At any rate though the two necked a bit in front of the stove and the alcove window, Sandy didn’t want to go to bed and Hartwig didn’t want to take her home. He claimed by that time he was too intoxicated to drive and though he offered her his jalopy she was tipsy enough to claim the same impairment. There were no cabs in the vicinity at that time of night, so the two reached a compromise.

“Really,” said Hammond. “What was that?”

“Well, she agreed to stay there until morning if he let her sleep on the couch but if he insisted she sleep in his bed it had to be with all her clothes on either way.”

“What?” Said Hammond. “I thought this was a bonafide Geisha girl, not a thirty-two year old virgin. That … that’s what she’s starting to sound like. It’s difficult to see how she got her reputation at all …”

“Now,” I said, “you’re beginning to see the light.”
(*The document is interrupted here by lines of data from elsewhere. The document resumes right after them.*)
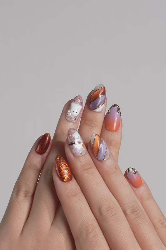 Celebrate Halloween with these cute ghost and pumpkin nails in vibrant orange, purple, and gold. Featuring cat eye shimmer, gradient transitions, and chrome accents, each nail is handmade for a chic and playful vibe. Customizable in shape and length, this extra short almond set is also reusable—perfect for parties, cosplay, and festive looks.
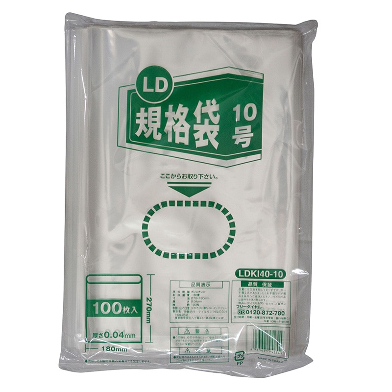 伊藤忠リーテイルリンク ポリ袋 LD規格袋 10号 0.04mm 100枚入 LDKI40-10 1パック(ご注文単位50パック)【直送品】
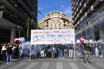 «Πτυχία με αξία, δωρεάν σπουδές - Οχι καταστολή και διαγραφές» ήταν το μήνυμα των φοιτητών της Αθήνας, που συμμετείχαν μέσα από τα πανό των συλλόγων τους.

She wasn’t such a bad sort and though not exceptionally intellectual, extraordinarily sensitive. She was extremely lonely and it’s my guess she wanted to be loved for herself or have someone she could respond to fall in love with her. That she’d never had even with her ex-husband who’d been a rancher, evidently. Perhaps she felt Hartwig was that person. A sort of pariah like herself but resourceful in his own way and what’s more from her background. You know there is such a thing as love at first sight. Could that’ve been occurring here? Hartwig did comment on how attractive she was even before that evening. It was a wonder he hadn’t approached her before though she claimed she’d never noticed him. Oh, well, there’s a first time for everything and often as not a lot more to it than meets the eye.
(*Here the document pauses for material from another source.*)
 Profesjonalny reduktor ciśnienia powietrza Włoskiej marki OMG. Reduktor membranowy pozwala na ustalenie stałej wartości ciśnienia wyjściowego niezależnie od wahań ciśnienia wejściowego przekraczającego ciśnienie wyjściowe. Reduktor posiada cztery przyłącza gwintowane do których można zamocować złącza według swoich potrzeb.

Around midnight, the two went to sleep, Hartwig upstairs in his loft bed and she on the couch in the living room with all her clothes on and cramped by the dog who’d insisted on curling up with her. Several hours later, in the dead of night, there came a furious knocking on the door. It was like a burglar out there attempting to get in and commandeer the place. The entire house (boat) shook as if it was on a sea of jelly. That, of course, would’ve only made sense if there was anything in there worthy of stealing. Hartwig’s guitar, perhaps, but again that was no Stradivarius. There were plenty of violent characters in the neighborhood, addicts and the like, so who knew who might be out there to bring you harm. It might be ‘Jack the Ripper’.

Being so near the door, Sandy gave a start and almost fell off the couch at the racket. She was fully dressed so she had nothing to hide yet she held her blanket up as if she did. The door rattled some more. A voice yelled, a woman’s. Someone was desperately trying to get in but the old latch evidently held and Hartwig appeared at the top of the stairs in his boxer shorts. By that time Stanley had proceeded to the front door and stood behind it barking and whining, sometimes sniffing excitedly as though he knew who it was.

“Don’t answer it,” Hartwig called down to Sandy, who by this time had jumped up and put on her coat. “Here,” he said, urging her up the stairs. “I’ll get it and you go up there.” In the faint night lights of the surrounding boats, which filtered in through the windows, she scrambled up the stairs as though her life depended on it, followed by the dog who scratched for its footing on the flimsy stairs.